[Supplied data]:
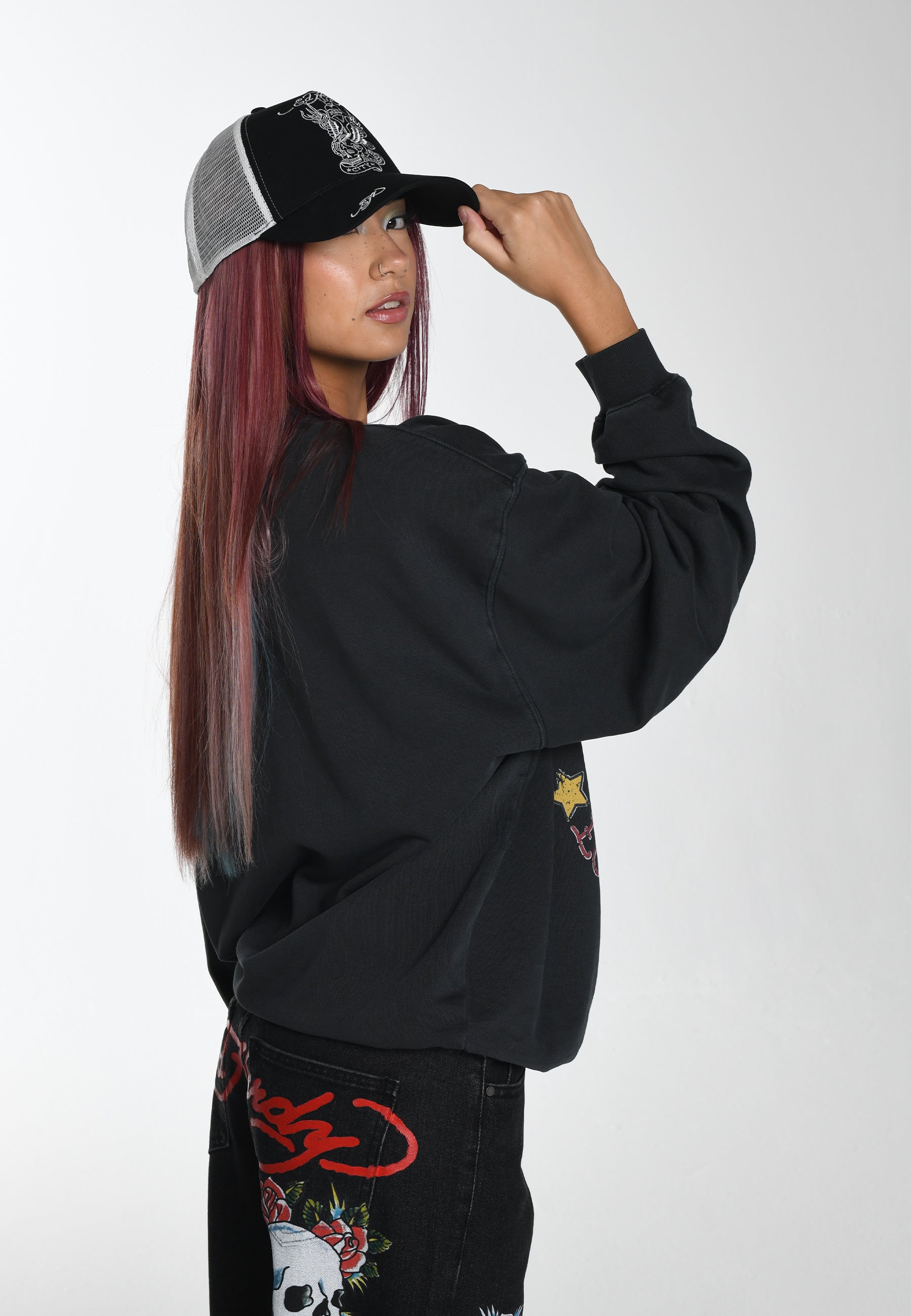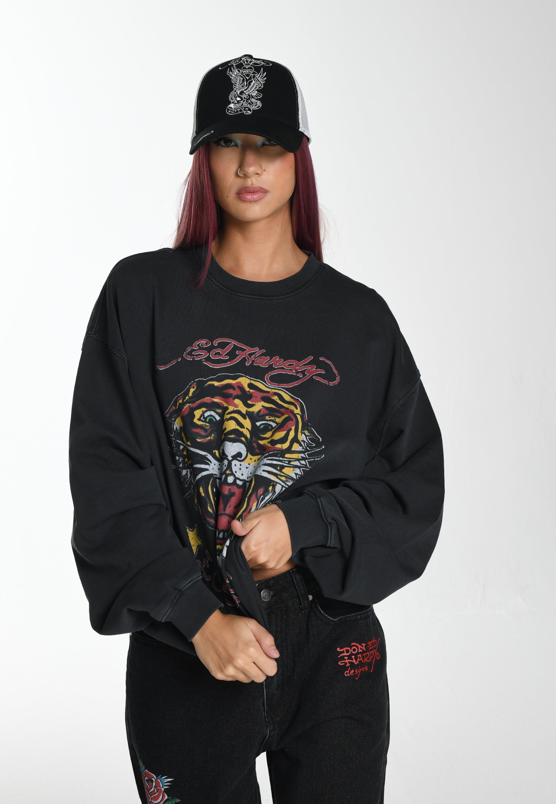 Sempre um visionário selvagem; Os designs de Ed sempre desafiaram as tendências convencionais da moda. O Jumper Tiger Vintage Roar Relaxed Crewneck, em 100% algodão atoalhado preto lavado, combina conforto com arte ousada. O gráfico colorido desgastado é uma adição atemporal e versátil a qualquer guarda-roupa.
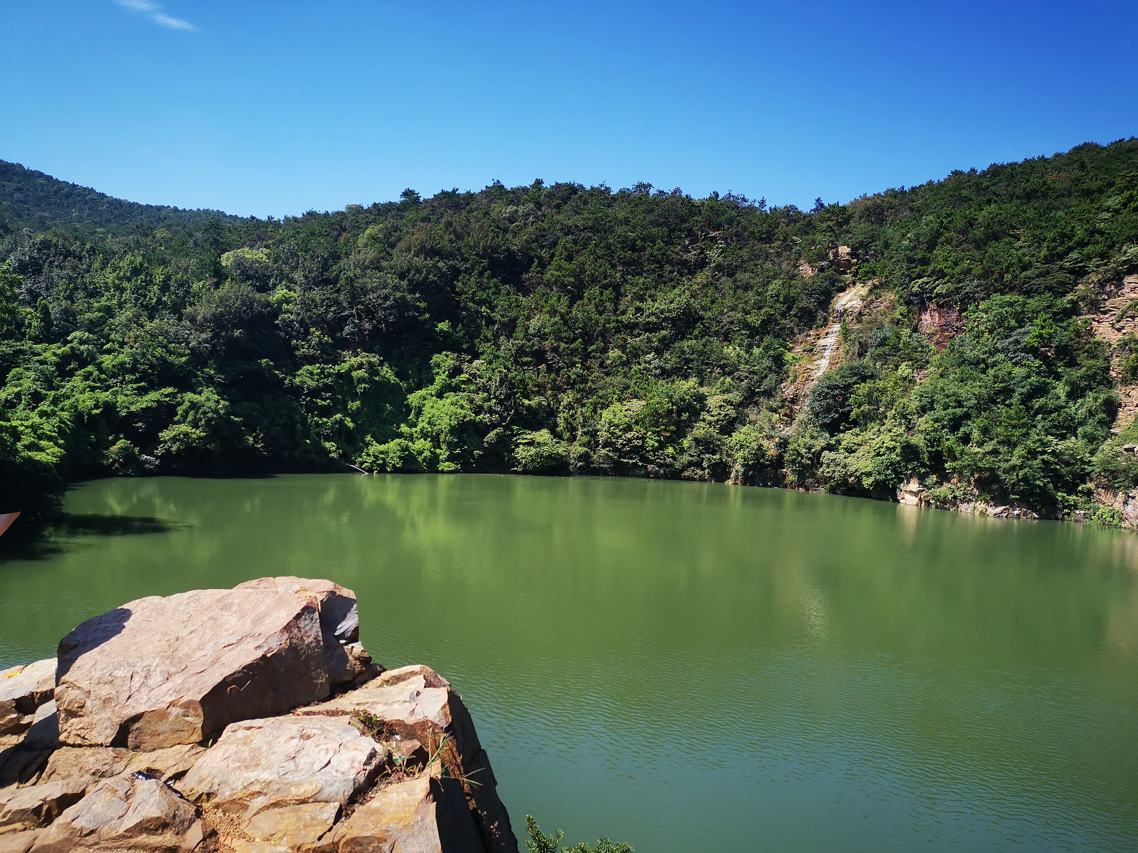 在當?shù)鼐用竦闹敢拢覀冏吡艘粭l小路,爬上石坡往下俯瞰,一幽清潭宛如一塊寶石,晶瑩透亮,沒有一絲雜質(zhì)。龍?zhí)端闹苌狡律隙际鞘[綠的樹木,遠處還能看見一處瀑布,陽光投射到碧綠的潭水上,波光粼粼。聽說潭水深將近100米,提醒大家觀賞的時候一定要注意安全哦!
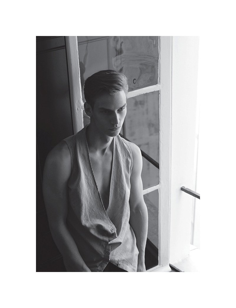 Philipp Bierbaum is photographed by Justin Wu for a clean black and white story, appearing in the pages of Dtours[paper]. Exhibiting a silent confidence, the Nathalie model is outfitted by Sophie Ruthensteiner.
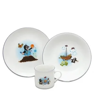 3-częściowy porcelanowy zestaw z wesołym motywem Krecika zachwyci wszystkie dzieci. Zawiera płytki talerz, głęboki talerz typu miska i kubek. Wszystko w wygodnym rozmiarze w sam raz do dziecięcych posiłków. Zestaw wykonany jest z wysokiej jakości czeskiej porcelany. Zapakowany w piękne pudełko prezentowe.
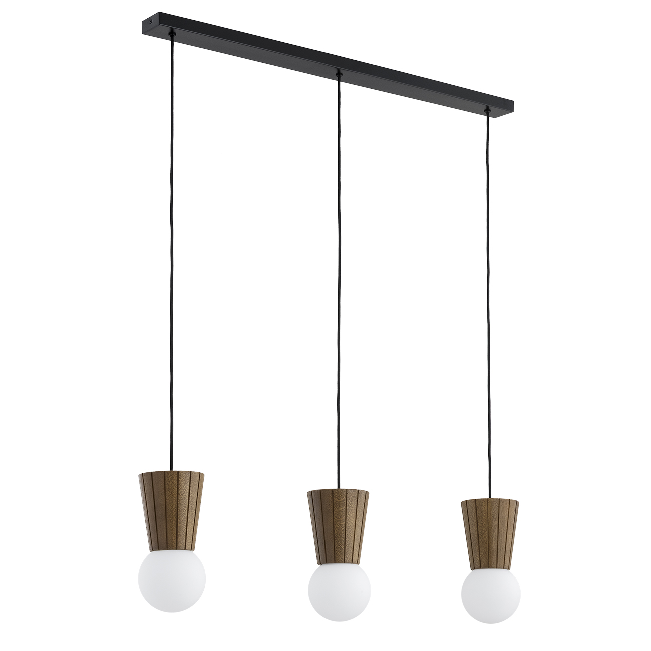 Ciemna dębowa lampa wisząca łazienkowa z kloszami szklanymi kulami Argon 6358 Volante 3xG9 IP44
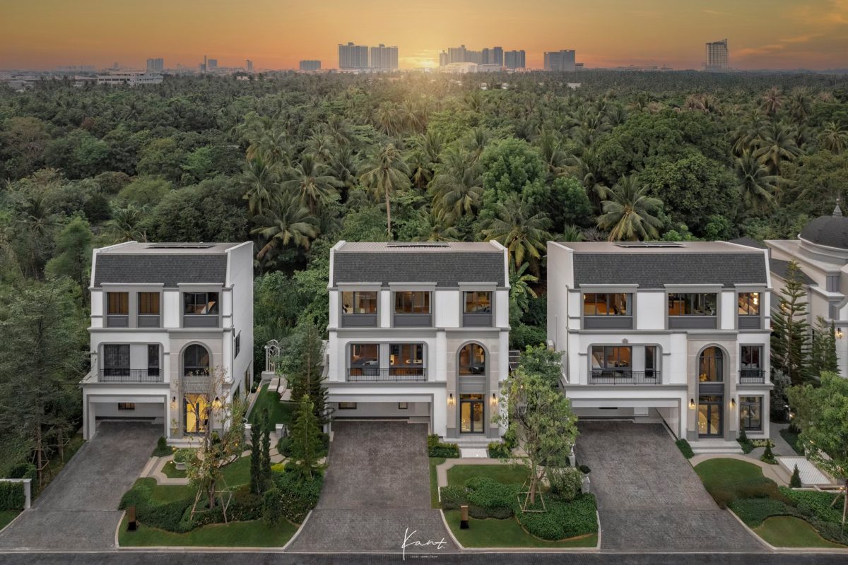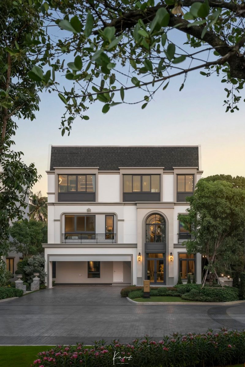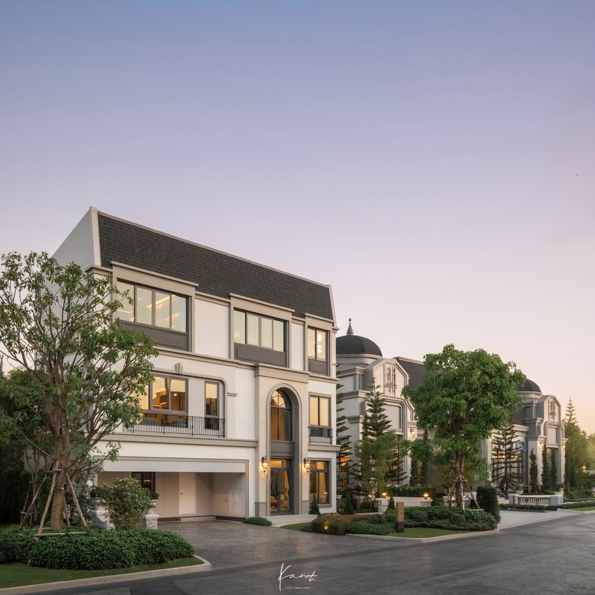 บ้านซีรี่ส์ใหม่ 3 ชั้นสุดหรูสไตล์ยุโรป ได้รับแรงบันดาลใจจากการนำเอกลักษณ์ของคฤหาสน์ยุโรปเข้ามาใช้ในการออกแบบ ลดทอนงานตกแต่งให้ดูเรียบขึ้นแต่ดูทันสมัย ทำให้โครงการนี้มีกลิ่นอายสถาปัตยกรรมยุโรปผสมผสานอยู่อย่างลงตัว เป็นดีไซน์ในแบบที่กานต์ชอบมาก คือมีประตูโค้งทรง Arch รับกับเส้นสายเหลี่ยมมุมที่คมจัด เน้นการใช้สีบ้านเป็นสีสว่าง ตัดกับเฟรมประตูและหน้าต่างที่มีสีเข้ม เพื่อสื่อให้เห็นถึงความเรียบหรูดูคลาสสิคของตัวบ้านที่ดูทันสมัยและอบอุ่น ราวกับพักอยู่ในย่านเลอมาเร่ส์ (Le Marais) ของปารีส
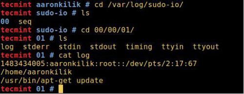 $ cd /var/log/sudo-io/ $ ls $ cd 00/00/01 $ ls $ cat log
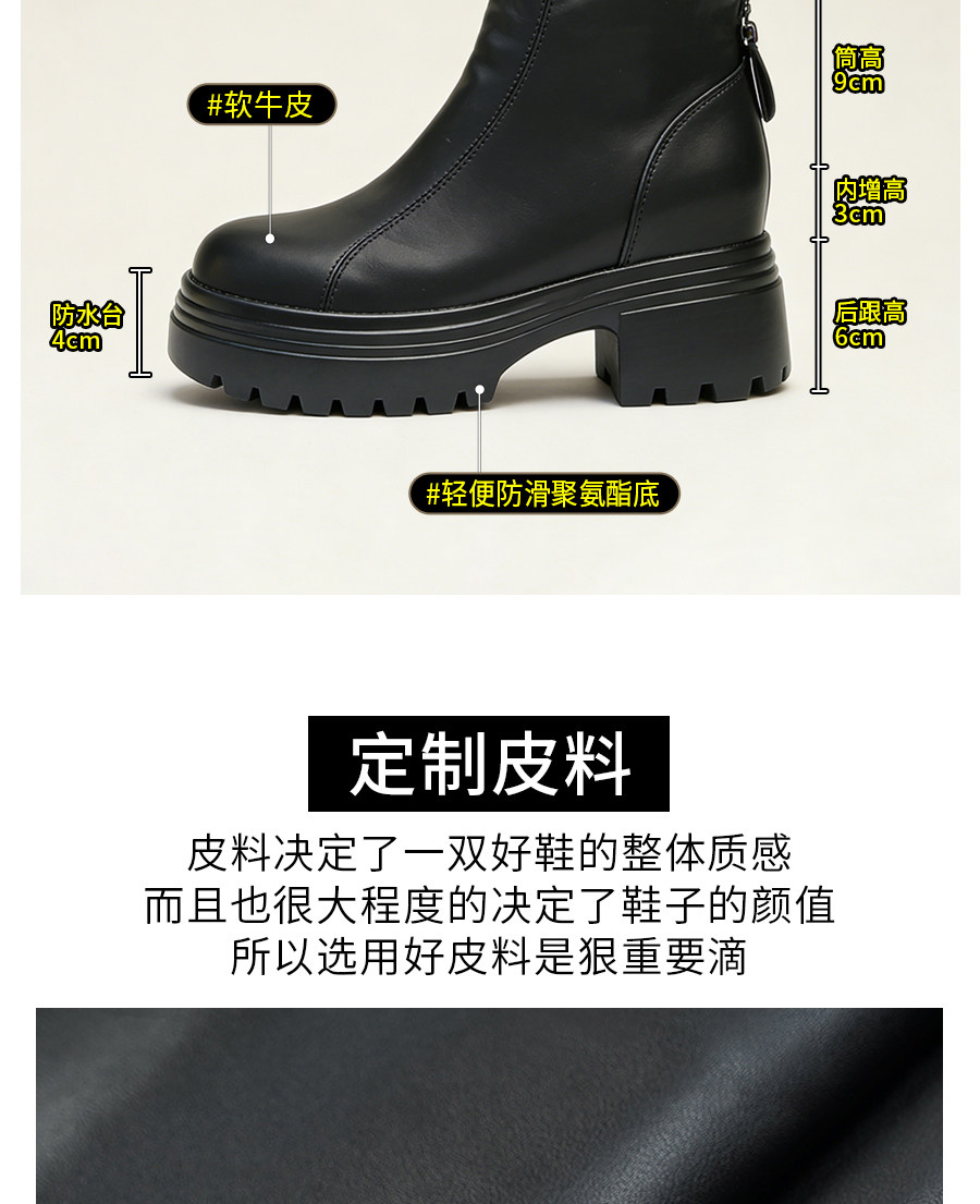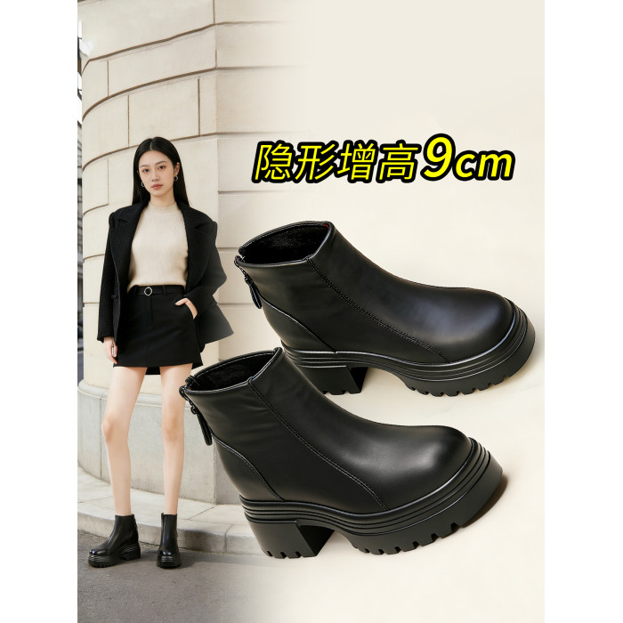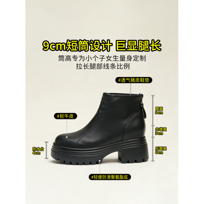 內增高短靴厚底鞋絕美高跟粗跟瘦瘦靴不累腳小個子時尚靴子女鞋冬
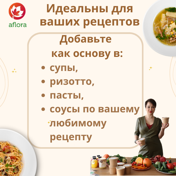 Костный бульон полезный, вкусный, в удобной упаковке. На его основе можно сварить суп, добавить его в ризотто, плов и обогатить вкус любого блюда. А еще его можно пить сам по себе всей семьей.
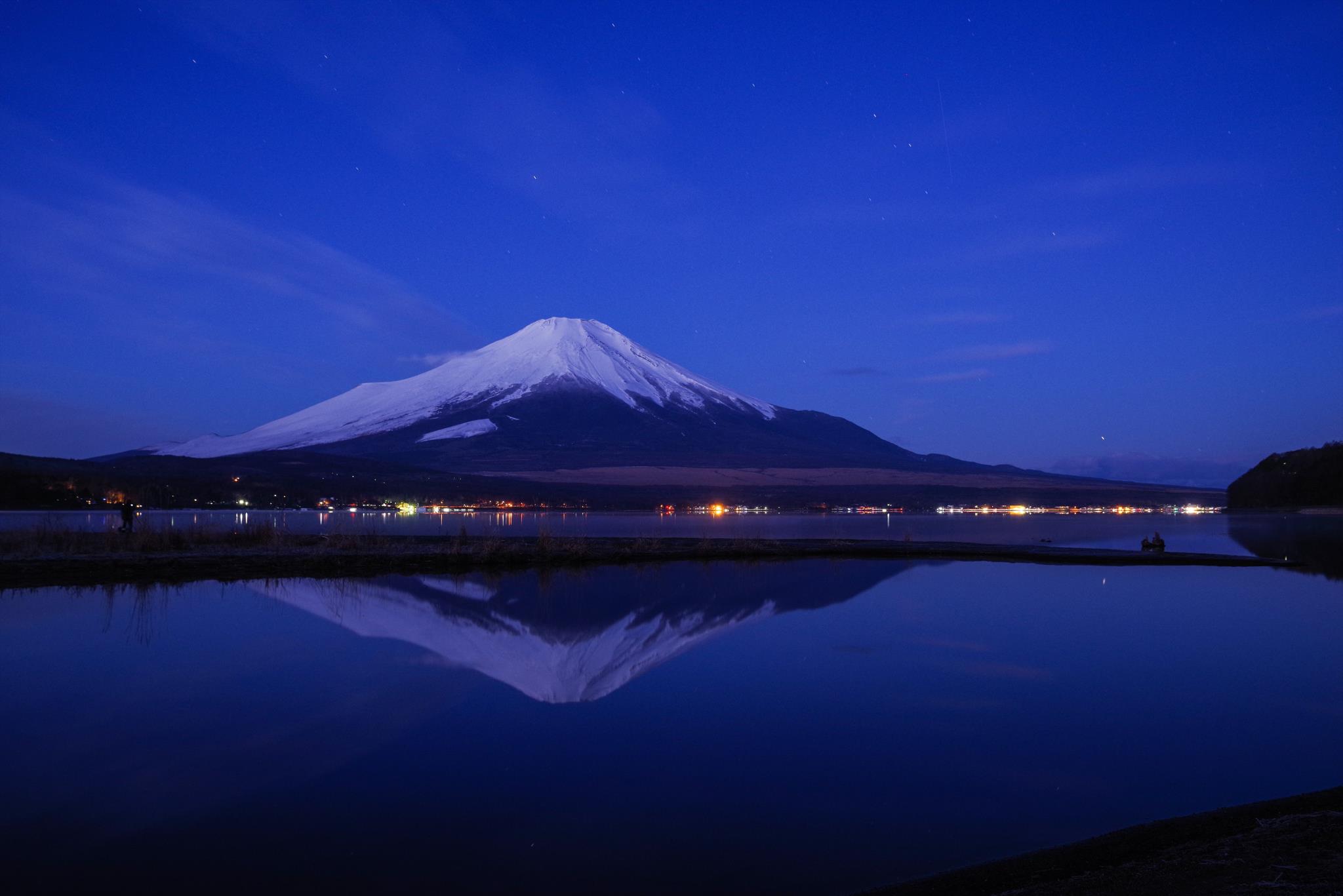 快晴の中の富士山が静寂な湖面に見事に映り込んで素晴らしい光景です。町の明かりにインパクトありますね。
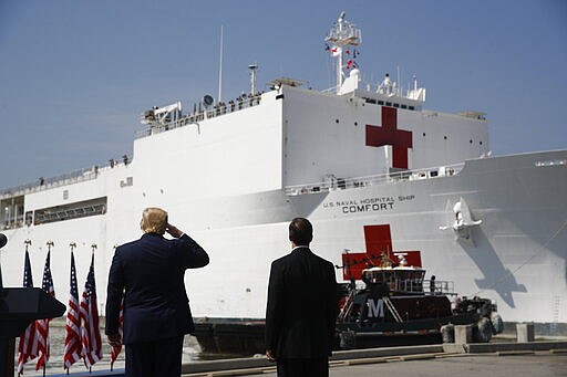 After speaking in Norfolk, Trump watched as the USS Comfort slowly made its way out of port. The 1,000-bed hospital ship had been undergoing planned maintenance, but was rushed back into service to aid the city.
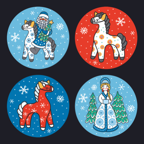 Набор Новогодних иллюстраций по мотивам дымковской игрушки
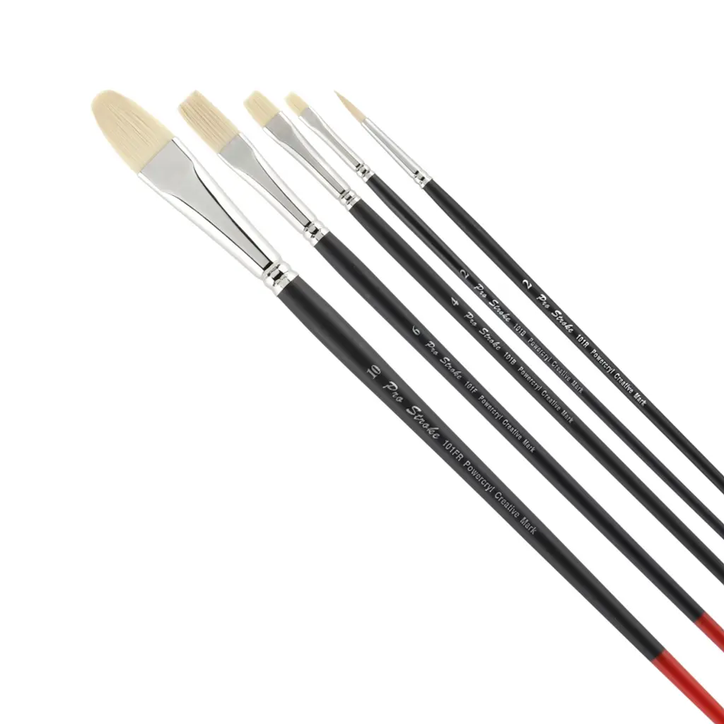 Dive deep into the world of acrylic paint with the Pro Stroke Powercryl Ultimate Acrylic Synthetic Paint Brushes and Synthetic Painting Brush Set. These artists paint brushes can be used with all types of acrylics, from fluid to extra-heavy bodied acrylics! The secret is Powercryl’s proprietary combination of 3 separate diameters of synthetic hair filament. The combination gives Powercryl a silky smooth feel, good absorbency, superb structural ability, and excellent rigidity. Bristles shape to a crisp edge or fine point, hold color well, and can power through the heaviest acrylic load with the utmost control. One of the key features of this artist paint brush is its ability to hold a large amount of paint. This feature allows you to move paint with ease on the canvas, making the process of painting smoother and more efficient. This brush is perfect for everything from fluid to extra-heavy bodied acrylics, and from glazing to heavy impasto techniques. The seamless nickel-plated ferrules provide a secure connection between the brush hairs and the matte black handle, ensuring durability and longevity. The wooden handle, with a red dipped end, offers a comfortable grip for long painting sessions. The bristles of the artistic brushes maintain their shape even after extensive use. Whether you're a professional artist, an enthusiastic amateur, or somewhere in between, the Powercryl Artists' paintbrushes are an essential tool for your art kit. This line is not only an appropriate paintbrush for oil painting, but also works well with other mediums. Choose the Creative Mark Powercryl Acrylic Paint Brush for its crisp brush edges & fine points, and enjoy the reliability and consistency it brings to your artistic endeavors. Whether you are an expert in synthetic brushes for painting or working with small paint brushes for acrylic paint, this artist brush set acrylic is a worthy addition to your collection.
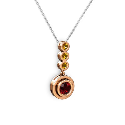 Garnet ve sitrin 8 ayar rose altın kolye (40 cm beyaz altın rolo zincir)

[Work task]: Transcribe, from the material above, the stretch starting at the line with "快晴の中の富士山が静寂な湖面" and ending at the line with "Набор Новогодних иллюстраций", both included, exactly. Do not carry over pictures.

[Exercise solution]:
 快晴の中の富士山が静寂な湖面に見事に映り込んで素晴らしい光景です。町の明かりにインパクトありますね。
 After speaking in Norfolk, Trump watched as the USS Comfort slowly made its way out of port. The 1,000-bed hospital ship had been undergoing planned maintenance, but was rushed back into service to aid the city.
 Набор Новогодних иллюстраций по мотивам дымковской игрушки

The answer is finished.